NewsLAST MINUTE: NASA's DART mission achieves the goal of...

LAST MINUTE: NASA's DART mission achieves the goal of altering the asteroid's trajectory

The spacecraft that NASA deliberately crashed into an asteroid last month managed to move it out of its natural orbit, altering the movement of a celestial body for the first time in history, the head of the organization announced on Tuesday.

"This is a defining moment for planetary defense and a defining moment for humanity," NASA chief Bill Nelson told reporters.

The results of the telescope observations revealed at a NASA briefing showed that the DART spacecraft's test flight on September 26 achieved its primary goal: changing an asteroid's direction through kinetic force.

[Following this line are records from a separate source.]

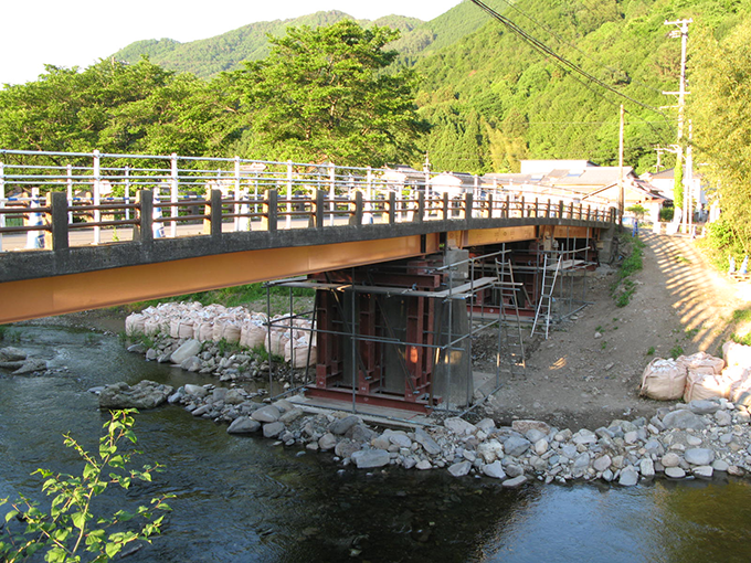 例えば、昭和6年に架けられた全長約35mの橋梁の補修においては、まず橋梁全体について鉄筋およびコンクリート、鋼材、伸縮装置、舗装等の調査・測定を行い、劣化の原因や健全度について評価しました。
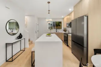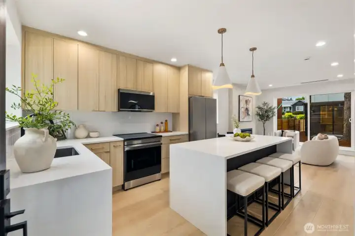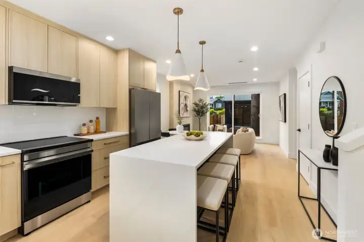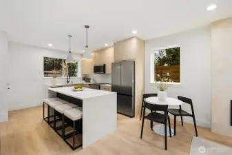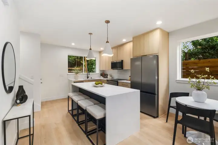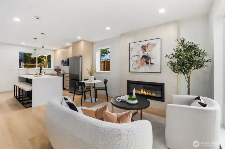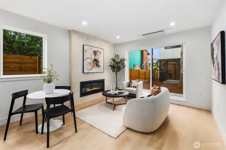 Rare find in the Hillman City neighborhood. Nestled in the back. Has its own 1 car garage and plenty of street parking. Lots of upgrades and features. Open floor plan with abundance of windows. Kitchen with quartz counter tops and full backsplash. Stainless steel appliances. Recessed lighting throughout. Great room concept with dining room and fireplace. Fireplace for those cozy days. Split systems for efficient heat and A/C. Luxury vinyl planks throughout. Dual sinks in primary bath. Vaulted ceilings in 2nd floor. Tile in bathroom floors, walls, tub and shower surround. Check out this modern beauty.
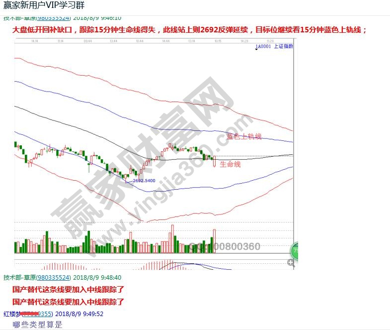 再談下大盤,一根中陽上去又將空間消耗了不少,短周期15分鐘同預期2692點反彈的目標位僅剩幾個點空間,休整后再度上碰藍色上軌線時按計劃7號參與的籌碼以獲利出局為主,休整期間回撤看30分鐘生命線,此線點位大致與日線百分比180度2772點相同。綜合結(jié)論為,2692點定性為反彈,而非反轉(zhuǎn),操作以反彈策略應對,在不增加倉位的前提下,長線股通過差價降低成本,短線股則是投權(quán)為主不戀戰(zhàn); 空間點位方面,15分鐘藍色上軌線及日線生命線、缺口位置2810-2845區(qū)間,支撐則看15、30分鐘和日線百分比180度對應的2770位置,下周是滬指周線時間窗,8月最后一周是上證50、創(chuàng)業(yè)板指時間窗。
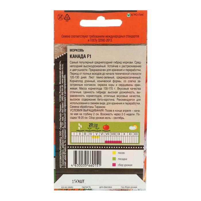 Ценность гибрида: высокая урожайность, выравненность корнеплодов, отличные вкусовые качества, высокое содержание бета-каротина. Семена обработаны Тирамом.
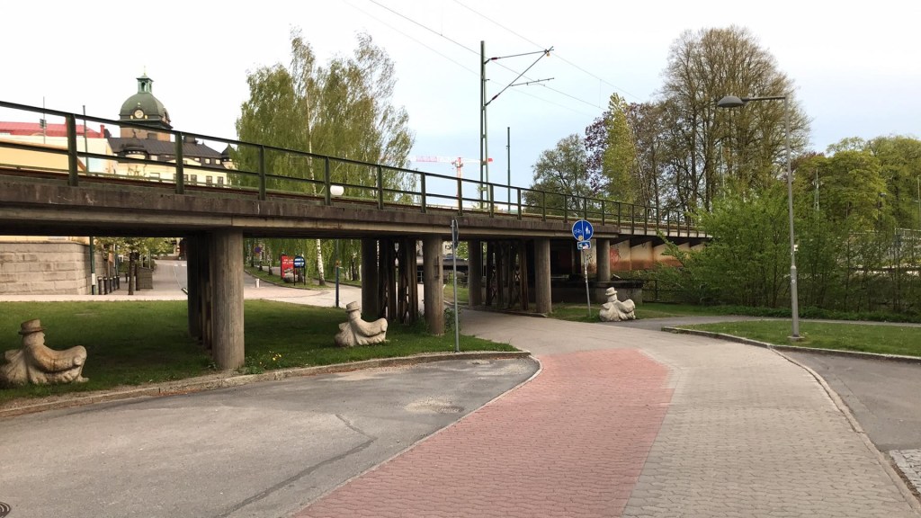 Den mekaniska verkstaden startar 1877 på Norrbygärde nordväst om staden. Kvarteret som den låg i hette Gjutaren. Verkstaden förfogade även över ett gjuteri. Därav namnet Gjutaren som tillkom 1907. Det är i vart fall en trolig förklaring till namnet. Ett antal mekaniska verkstäder fanns i Sverige runt sekelskiftet 1900. Konstruktionen på bilden byggdes alltså 1912 och har nu hängt med i 108 år. På undersidan går det se att åldern börjar ta ut sin rätt. Om jag inte missminner mig har bron fått stadgas upp vid något tillfälle. Vid den här tiden på året är den i vart fall belägen i lummig grönska utmed Viskan.
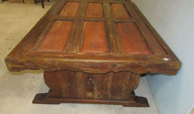 Heavy, distressed finish, short, 25"h., 73"L., 50"w. Heavy, distressed finish, short, 25"h., 73"L., 50"w.
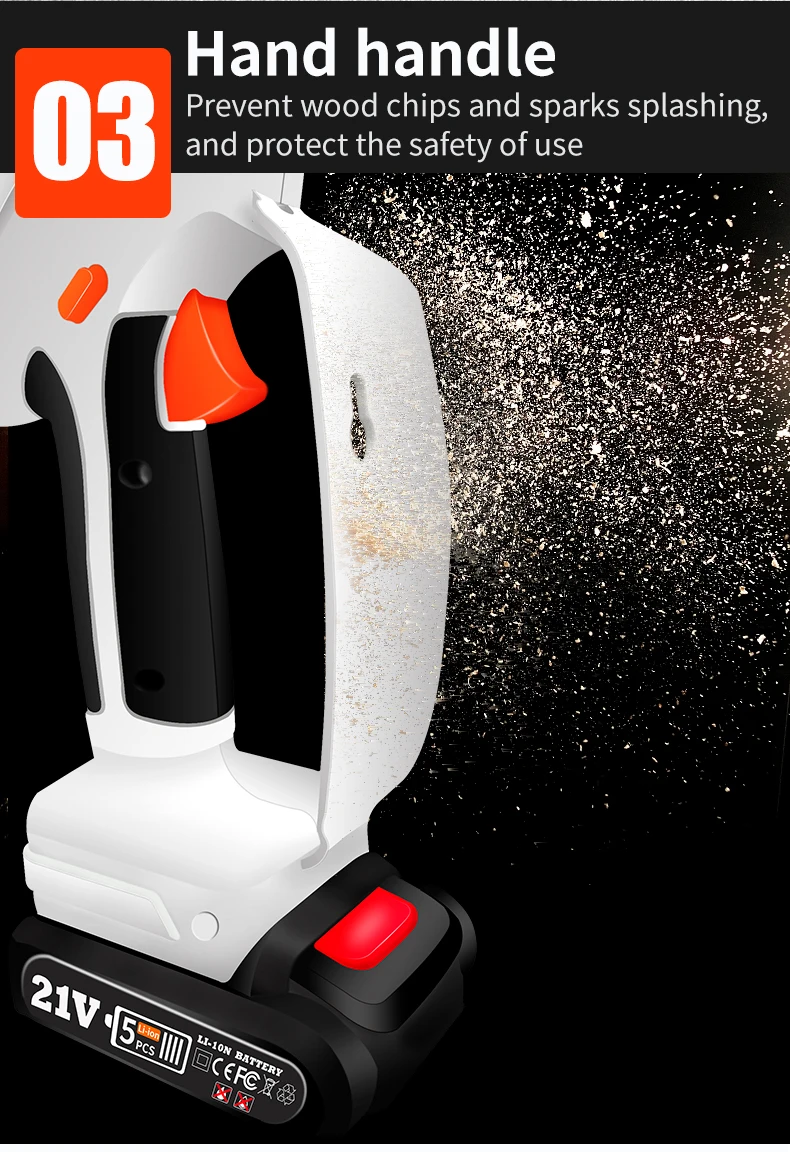 Это своего рода качественная обрезная пила, изготовленная из высококачественного материала, практичная, простая в эксплуатации и использовании, широкий диапазон применения, имеет длительный срок службы. Используется щеточный двигатель, быстрый запуск, своевременное торможение, плавное регулирование скорости в широком диапазоне, относительно простое управление схемой и так далее. Пила была глубокой закалкой при высоких температурах, с заточением пильных Зубцов, более износостойкой, гладкой резкой. Идеально подходит для обрезки, разделки дров, резки дерева и т. д. Вы можете попробовать.Особенности:Беспроводной дизайн, легкий и портативный, удобный для переноски и резки дерева.Используется щеточный двигатель, быстрый запуск, своевременное торможение, плавное регулирование скорости в широком диапазоне, относительно простое управление схемой и так далее.Эргономичный дизайн ручки, одной рукой, долго держать не устанут руки.Высокая эффективность работы, высокая точность позиционирования, низкий уровень шума.5 м/с быстрая скорость резки, практичность, низкое энергопотребление, высокая стабильность и высокая производительность.Длинная направляющая пластина 5 дюймов с защитной конструкцией предотвращает разлетание опилок и мусора.Пила была глубокой закалкой при высоких температурах, с заточением пильных Зубцов, более износостойкой, гладкой резкой.Сфера применения: резка деревьев в садах, обрезка ветвей в муниципальных садах, разделка дров и т. Д.Характеристики:Название: электрическая обрезная пилаМатериал: АБС-пластик + металлАккумулятор: 21 вНоминальное напряжение: 100-230 ВТип направляющей пластины: Тип цепного колесаДлина направляющей пластины: 6 дюймовСкорость цепи: 5 м/сВремя зарядки: 1,5 (3) часовРазмер хоста: 105*95*220 мм/4,13*3,74 * 8.66inРазмер направляющей пластины: 186*34*5 мм/7,32*1,34 * 0.20inРазмер защитной пленки: 93*86*23 мм/3,66*3,39 * дюйма
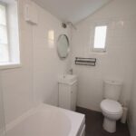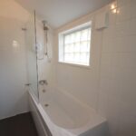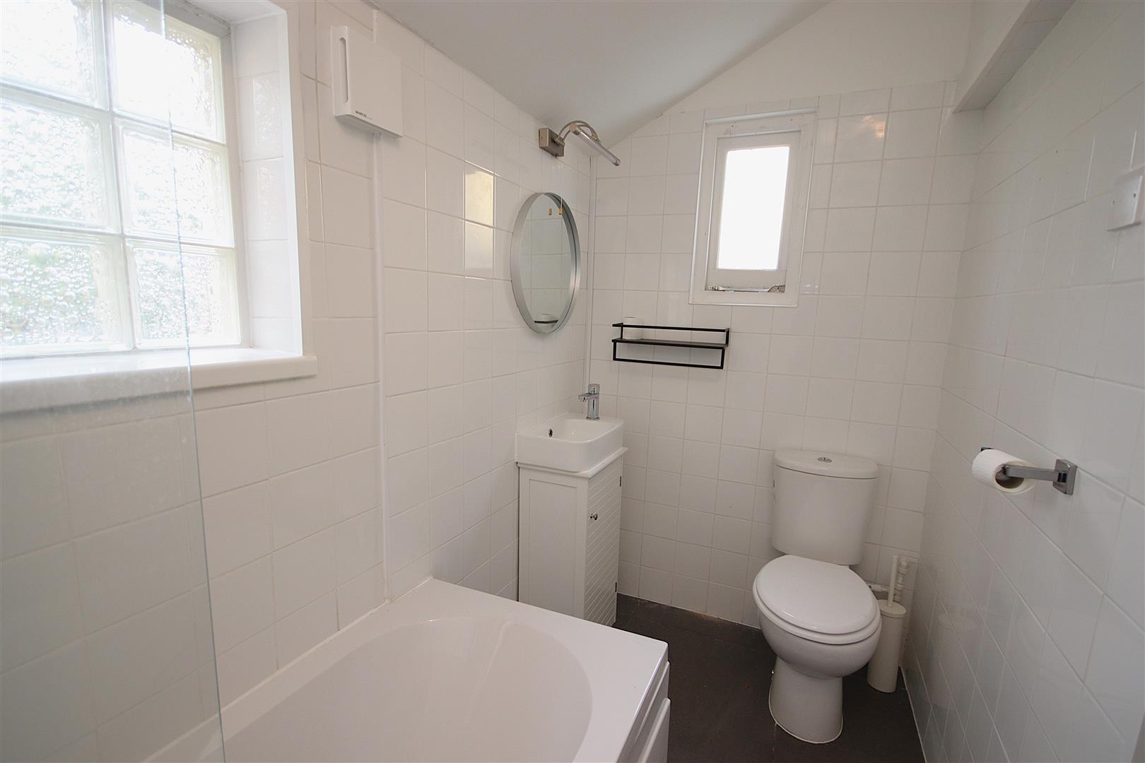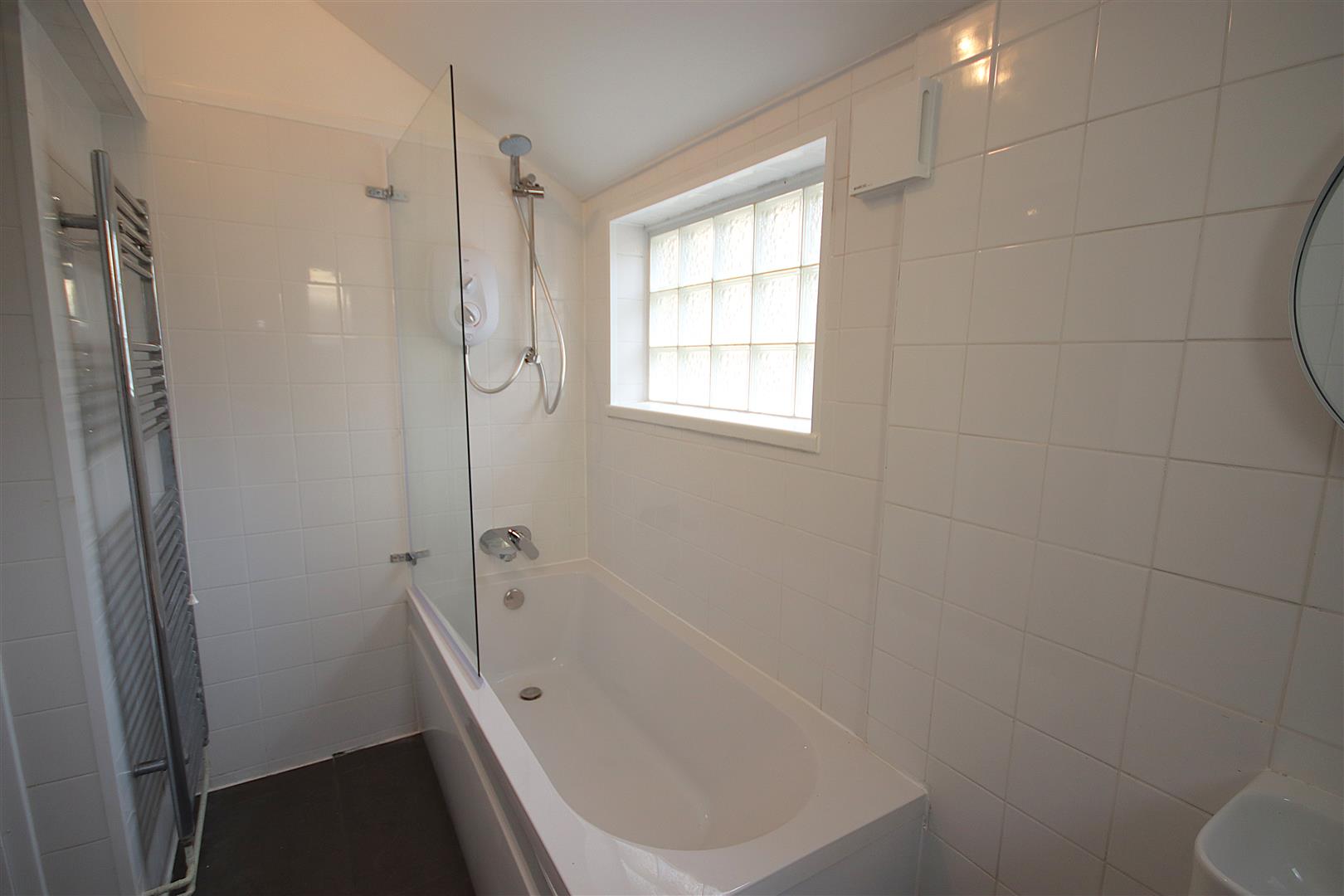 Newly installed ground floor rear bathroom, located off the kitchen with electric shower over bath, heated towel rail, WC and hand basin
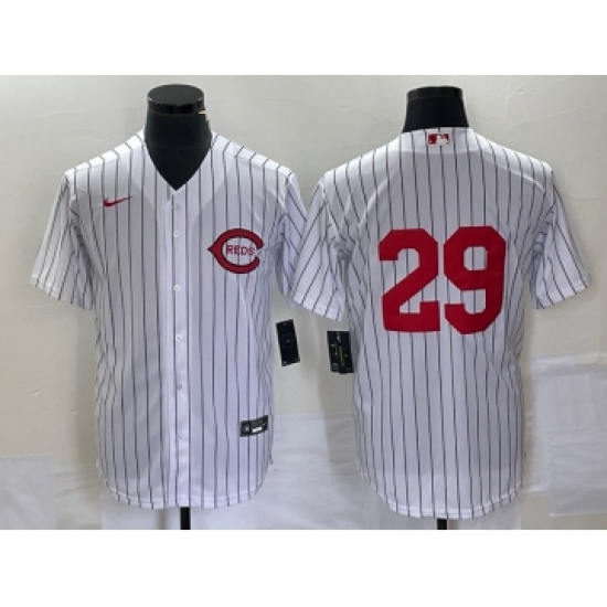 >Men's Nike Cincinnati Reds #29 TJ Friedl White Field of Dreams Stitched Baseball Jersey
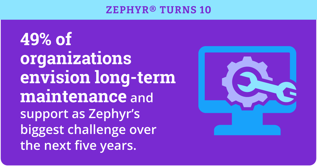 The momentum is undeniable: 69% of organizations plan to increase or significantly increase their use of Zephyr over the next few years, while only a nominal 1% expect a decrease. This isn’t just about usage; it’s about trust. Organizations are now making long-term production commitments, with 52% supporting products running Zephyr for five to ten years or longer.
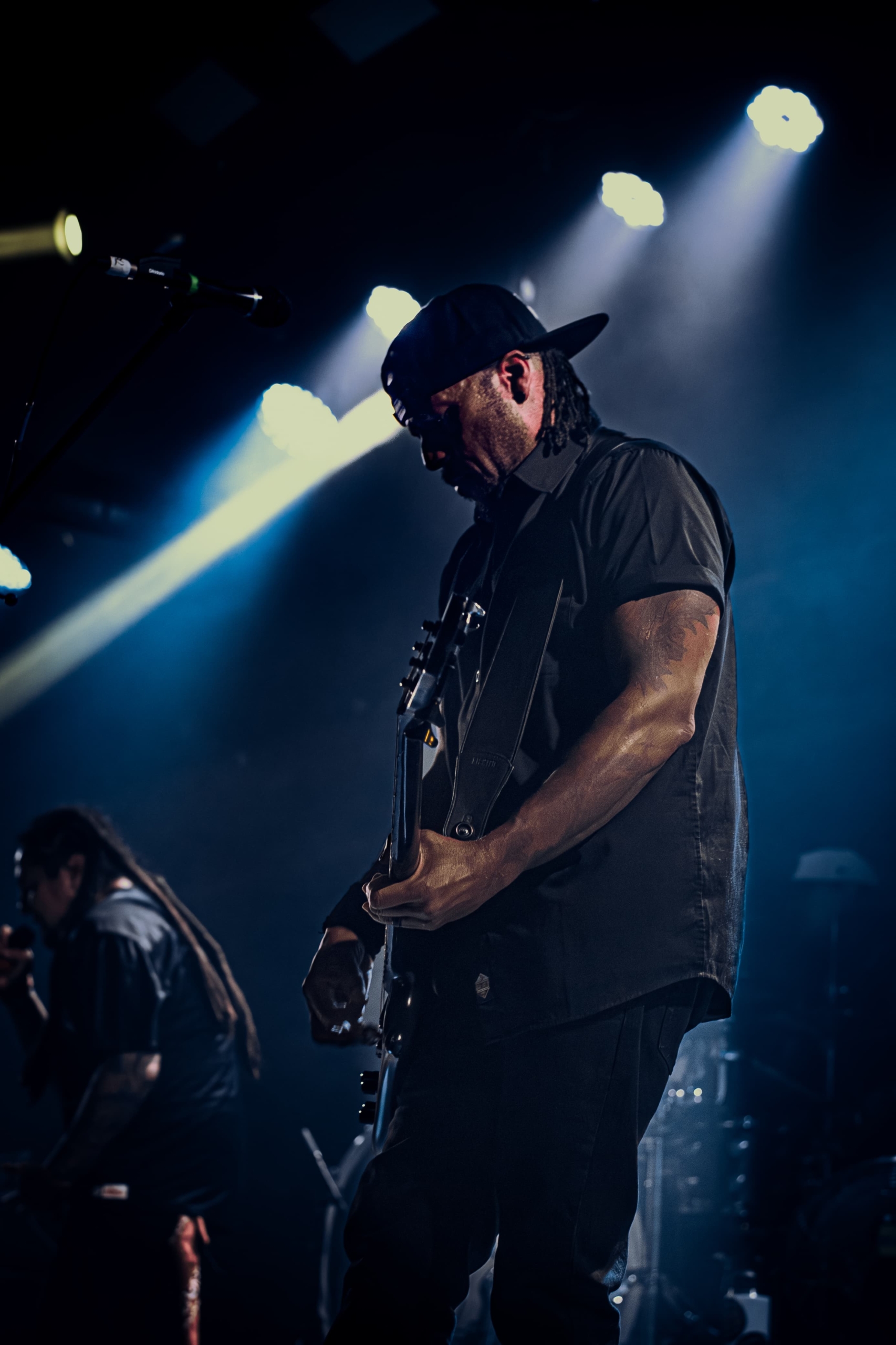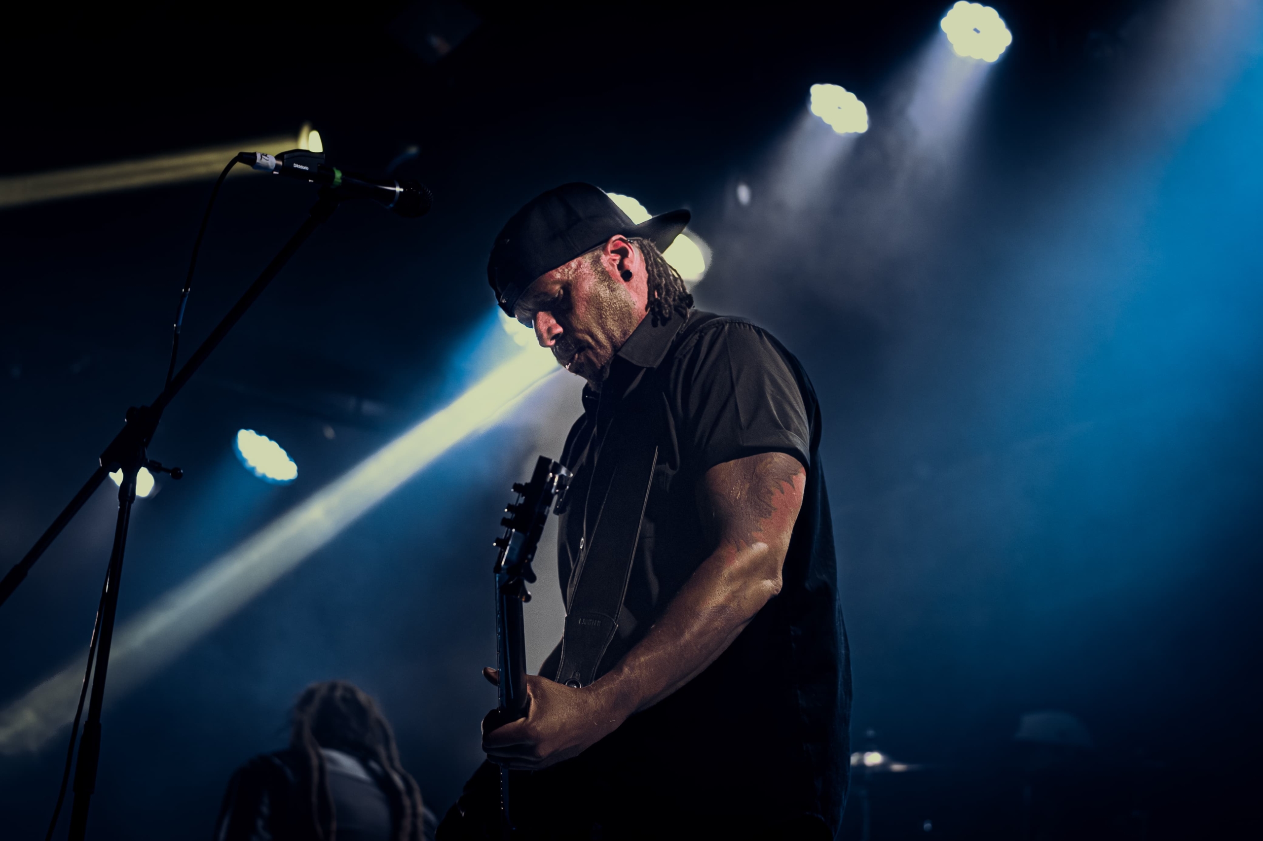 Uma rápida virada de palco e vemos um dos guitarristas do Demon Hunter já preparando as suas coisas para o próximo show, detalhe que, mesmo ele arrumando o seu equipamento, não deixou de dar atenção a algum fã que o chamava, sempre com um sorriso no rosto e uma piadinha para brincar com o público, ponto positivíssimo a ele e a banda.
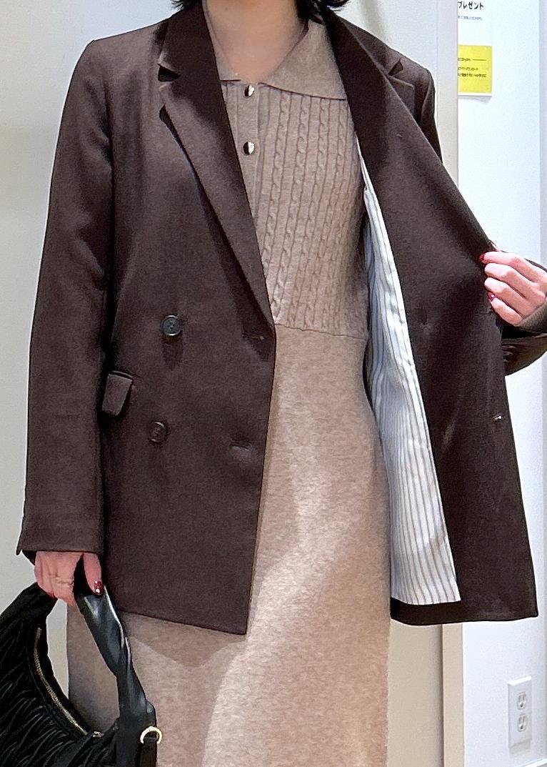 VIS美easyウーリッシュダブルブレストテーラードジャケット【セットアップ対応/洗える】ダークブラウン / S¥8,009レビュー身長157センチSサイズでヒップにかかる丈感。

The target of the DART flight was an egg-shaped asteroid called Dimorphos, about the size of a football stadium, which orbited a five times larger parent asteroid called Didymos once every 11 hours and 55 minutes.

Comparison of pre- and post-impact astronomical measurements of Dimorphos's orbit around Didymos showed a 32-minute shortening of its trajectory, demonstrating that the exercise is a viable technique for deflecting an asteroid from a collision course with Earth. Land.

Neither of the two asteroids involved in the test posed a threat to Earth, NASA scientists said.